TaqMan-based real-time PCR (Applied Biosystems) was also performed in a Step One Plus Detection System (Applied-Biosystems). Each 20 μL of TaqMan reaction contained 9 μL of cDNA (25 ng), 1 μL 20X probe of TaqMan Gene Expression Assays and 10 μL of 2X TaqMan Universal PCR Master Mix.

Data were analyzed using the comparative cycle threshold (Ct) method (ΔΔCt), where the housekeeping gene level was used to normalize differences in sample loading and preparation. Normalization of expression levels was performed with actin for SYBR® green-based real-time PCR results and Tbp for TaqMan-based real-time PCR. Each sample (n=4-5 per group) was analyzed in duplicate, and the results represent the n-fold difference of the transcript levels among different groups.

Statistical Analysis

The statistical analyses were conducted using GraphPad Prism ver. 6 statistical software. Data were expressed as the mean ± standard error of the mean (SEM). Means were compared with one-way analysis of variance (ANOVA) and Tukey’s post hoc test or two-tailed Student’s t-test when necessary. Statistical significance was considered when p values were <0.05. Statistical outliers were performed out with Grubbs' test and were removed from the analysis.


BBB Permeation Assay for I2-IR Ligands MCR5 and MCR9

The tested compounds MCR5 and MCR9 had Pe values of 13.5±0.9 and 26.9±1.7, respectively, well above the threshold for high BBB permeation, so they were predicted to be able to cross the BBB and reach their biological target in the CNS. Supplementary information on results analysis can be found in the supporting material (Table 3).

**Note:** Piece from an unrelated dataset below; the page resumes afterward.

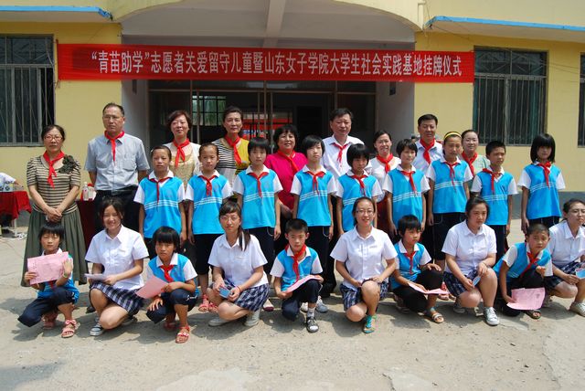 启动仪式上,宿建沛副书记及济阳县领导分别发表讲话,高度评价了此次活动的重要意义。校团委负责人为仁风镇“山东女子学院大学生社会实践基地”揭牌,并在王圈小学正式建立了“‘青苗助学’关爱留守儿童支教点”。同时我校还向王圈小学留守儿童捐赠了液晶电视、课外读物、粉笔、书包等爱心用品。参加支教活动的大学生志愿者代表与留守儿童结对交换“爱心卡”。
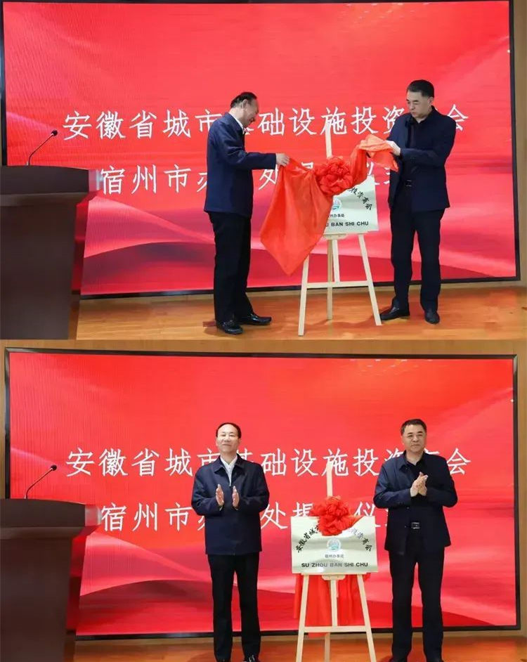 安徽省工商聯(lián)宣教處副處長(主持工作)張鳳翔與安徽省城市基礎設施投資商會會長、安徽新建控股集團有限公司董事長王杰英共同為宿州市辦事處揭牌,現(xiàn)場掌聲雷動,這一時刻宣告辦事處全面投入運營。

Hypothermic Effects of MCR9 in Mice

Selective I2-IR ligands induce hypothermia in rodents [4]. In particular, the hypothermic effect of compound MCR5 in mice was evaluated in a recent study from our research group (results for compound 2c in ref 35) [35]. Similar to MCR5, MCR9 induced mild hypothermia as assessed by a moderate reduction (-2.3°C) in rectal temperature 1 h after injection at the tested dose of 20 mg/kg in adult CD-1 mice and as compared with vehicle-treated controls (Fig. 3a, day 1). While repeated (5 days) administration (20 mg/kg) revealed persistently the hypothermic effects of MCR9 from days 1 to 4 (range from -2.3 to -3.2°C), on day 5 no significant change was observed in body temperature (-1.8°C change) as compared with vehicle-treated controls (Fig. 3b).
Fig. 3.

Acute and repeated measurement of the hypothermic effect of compound MCR9 in mice. a Effect of acute treatment with MCR9 (20 mg/kg, i.p.) on rectal body temperature in mice. Columns are means ± SEM of the difference (Δ, 1 h - basal value) in body temperature (°C) for MCR9-treated mice compared with vehicle-treated Control mice. Data were analyzed using Student’s t-test. **p<0.01. b Effect of repeated (5 days) treatments with MCR9 (20 mg/kg, i.p., closed circles) on rectal body temperature in mice. Circles are means ± SEM of the difference (Δ, 1 h - basal value) in body temperature (°C) for MCR9-treated mice compared with vehicle-treated Controls. Data were analyzed using repeated measures ANOVA followed by Sidak’s multiple comparison test. **p<0.01, ***p<0.001; (n=6−7 animals per group)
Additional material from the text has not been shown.